DIRECTIONS: What should come back is the data below, word for word, minus any picture.

COLLECTED DATA:
::::::

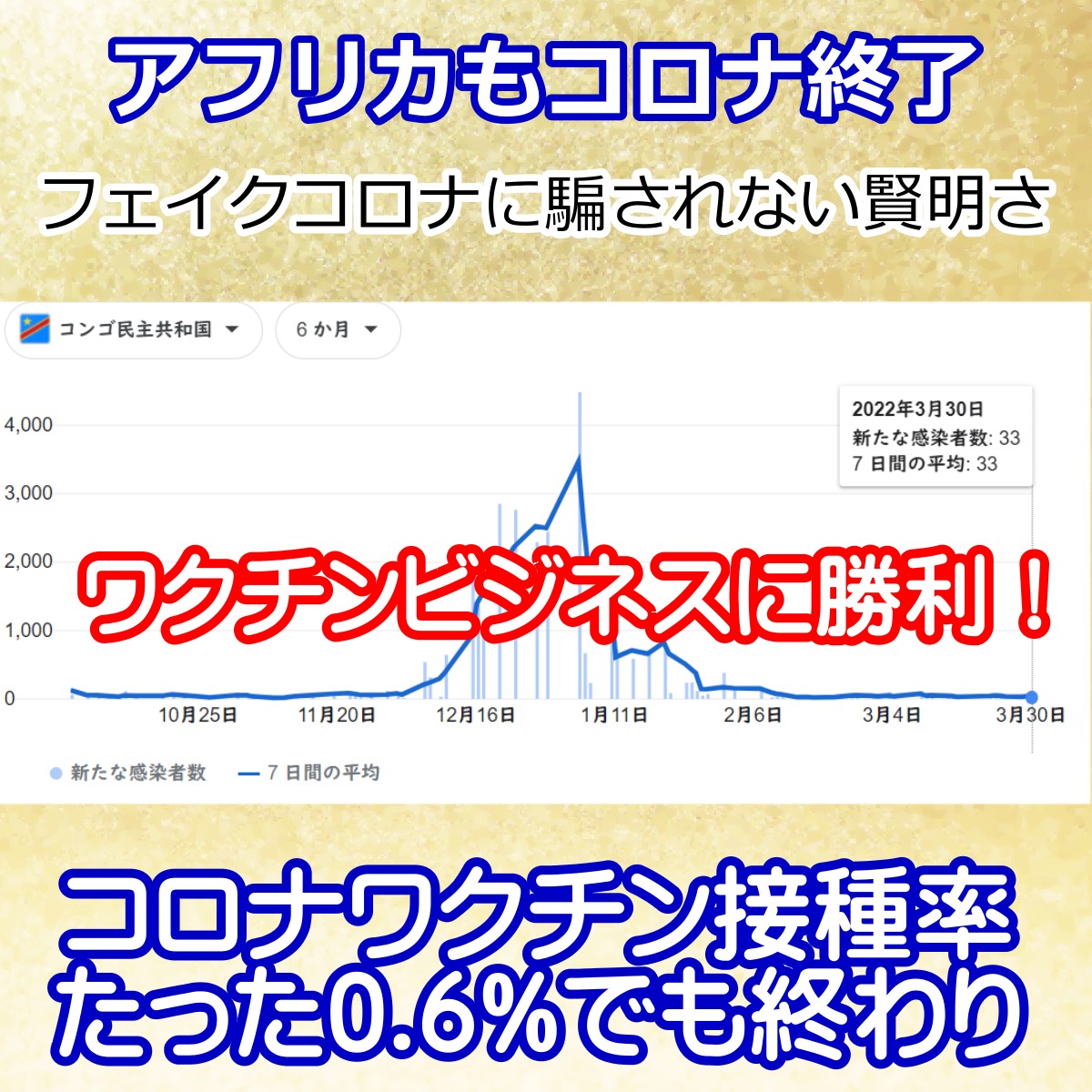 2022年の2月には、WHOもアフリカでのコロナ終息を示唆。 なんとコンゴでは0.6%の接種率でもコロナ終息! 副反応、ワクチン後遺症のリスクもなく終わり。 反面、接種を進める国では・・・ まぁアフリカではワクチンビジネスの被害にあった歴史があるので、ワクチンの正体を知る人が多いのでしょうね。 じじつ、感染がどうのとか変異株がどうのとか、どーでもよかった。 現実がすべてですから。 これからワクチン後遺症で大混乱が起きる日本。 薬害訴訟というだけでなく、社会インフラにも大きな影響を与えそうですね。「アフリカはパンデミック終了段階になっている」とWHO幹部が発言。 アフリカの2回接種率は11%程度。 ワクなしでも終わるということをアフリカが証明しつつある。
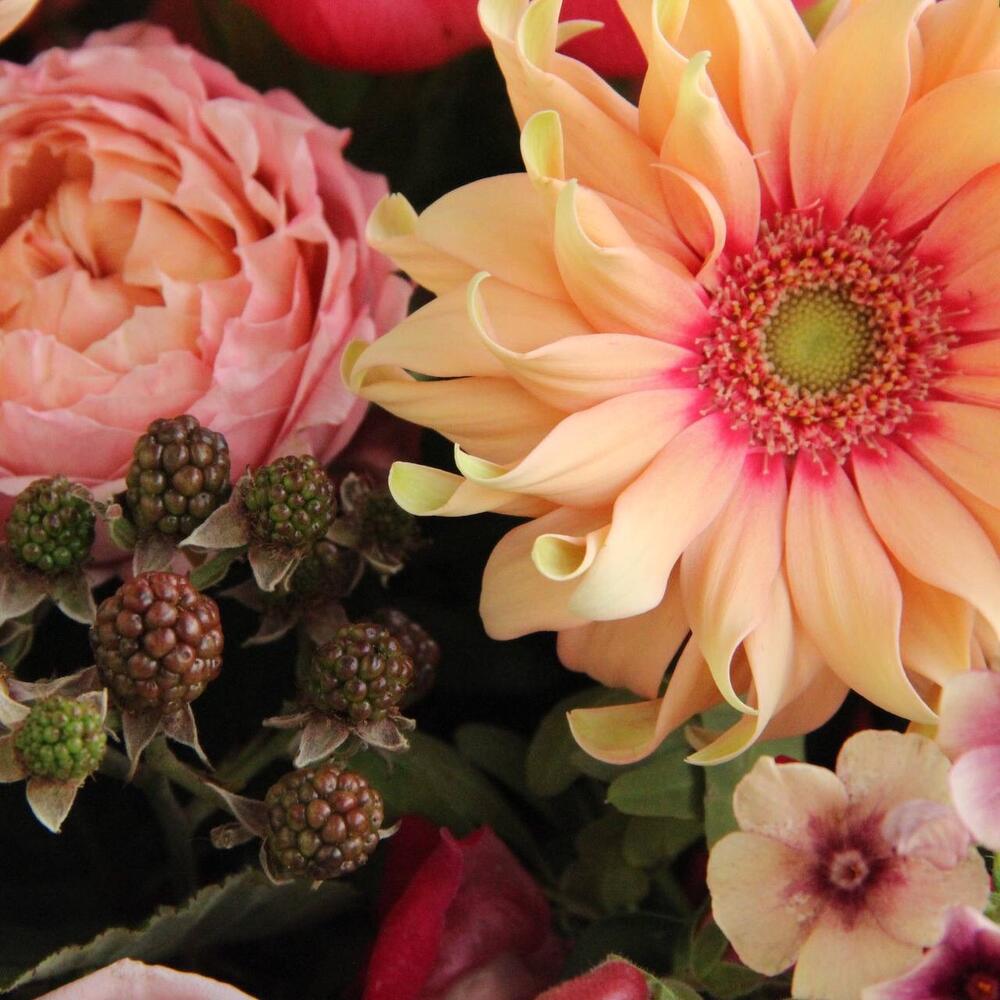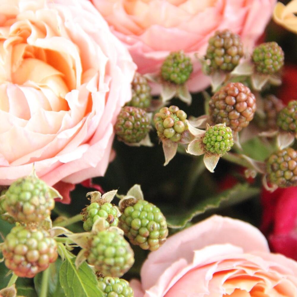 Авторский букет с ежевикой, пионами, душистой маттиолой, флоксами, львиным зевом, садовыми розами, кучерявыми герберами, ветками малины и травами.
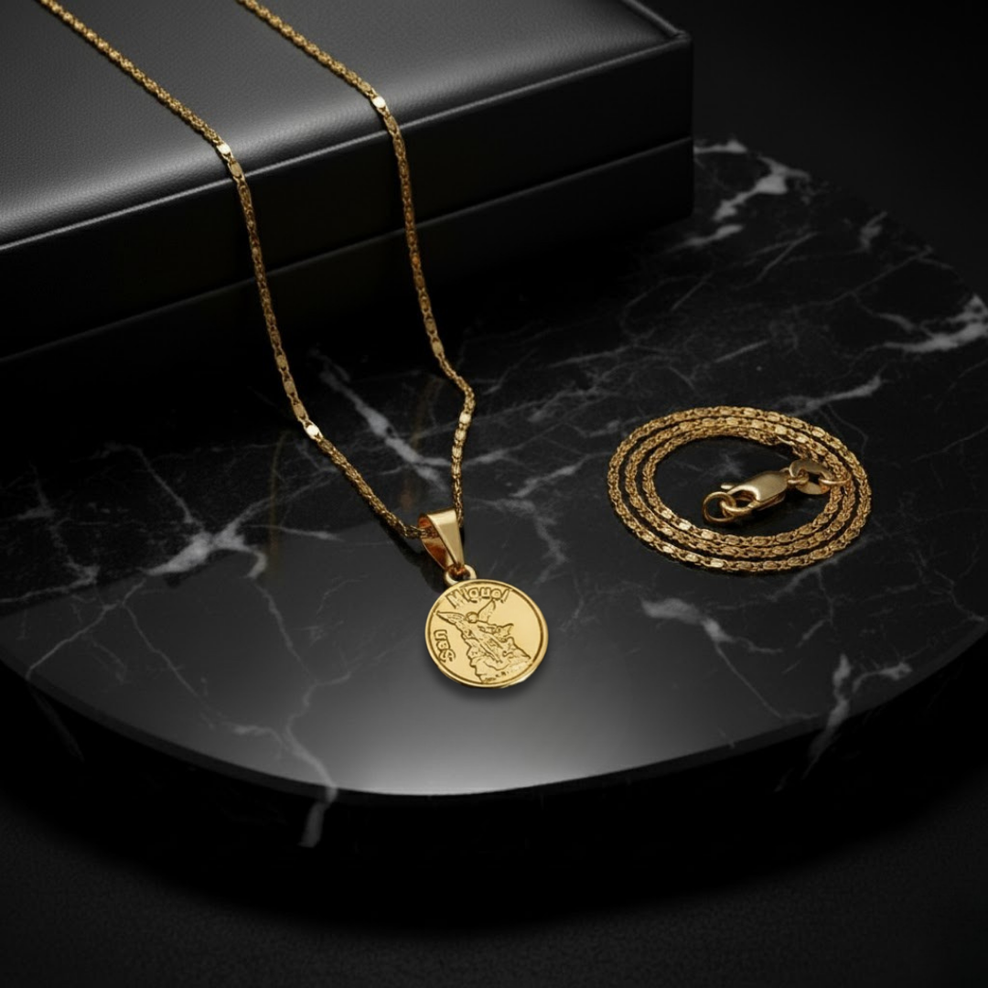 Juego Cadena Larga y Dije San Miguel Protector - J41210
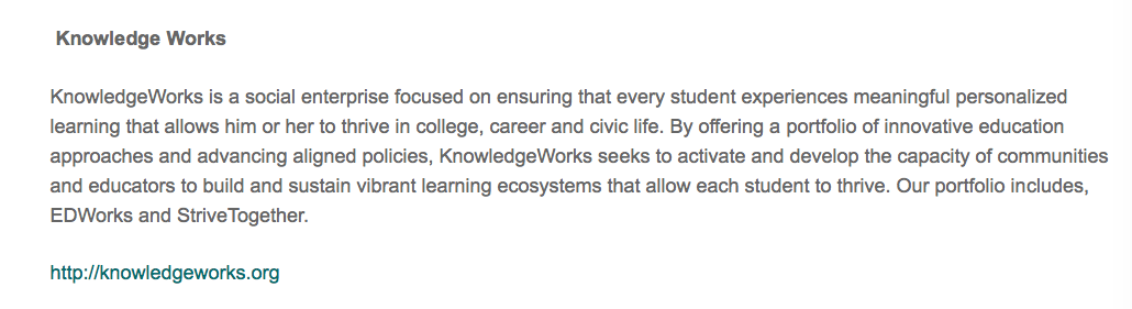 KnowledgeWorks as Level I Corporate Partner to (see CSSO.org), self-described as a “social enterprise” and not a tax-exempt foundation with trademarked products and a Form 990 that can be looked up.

::::::

RESULT FOR THIS TASK:
 2022年の2月には、WHOもアフリカでのコロナ終息を示唆。 なんとコンゴでは0.6%の接種率でもコロナ終息! 副反応、ワクチン後遺症のリスクもなく終わり。 反面、接種を進める国では・・・ まぁアフリカではワクチンビジネスの被害にあった歴史があるので、ワクチンの正体を知る人が多いのでしょうね。 じじつ、感染がどうのとか変異株がどうのとか、どーでもよかった。 現実がすべてですから。 これからワクチン後遺症で大混乱が起きる日本。 薬害訴訟というだけでなく、社会インフラにも大きな影響を与えそうですね。「アフリカはパンデミック終了段階になっている」とWHO幹部が発言。 アフリカの2回接種率は11%程度。 ワクなしでも終わるということをアフリカが証明しつつある。
 Авторский букет с ежевикой, пионами, душистой маттиолой, флоксами, львиным зевом, садовыми розами, кучерявыми герберами, ветками малины и травами.
 Juego Cadena Larga y Dije San Miguel Protector - J41210
 KnowledgeWorks as Level I Corporate Partner to (see CSSO.org), self-described as a “social enterprise” and not a tax-exempt foundation with trademarked products and a Form 990 that can be looked up.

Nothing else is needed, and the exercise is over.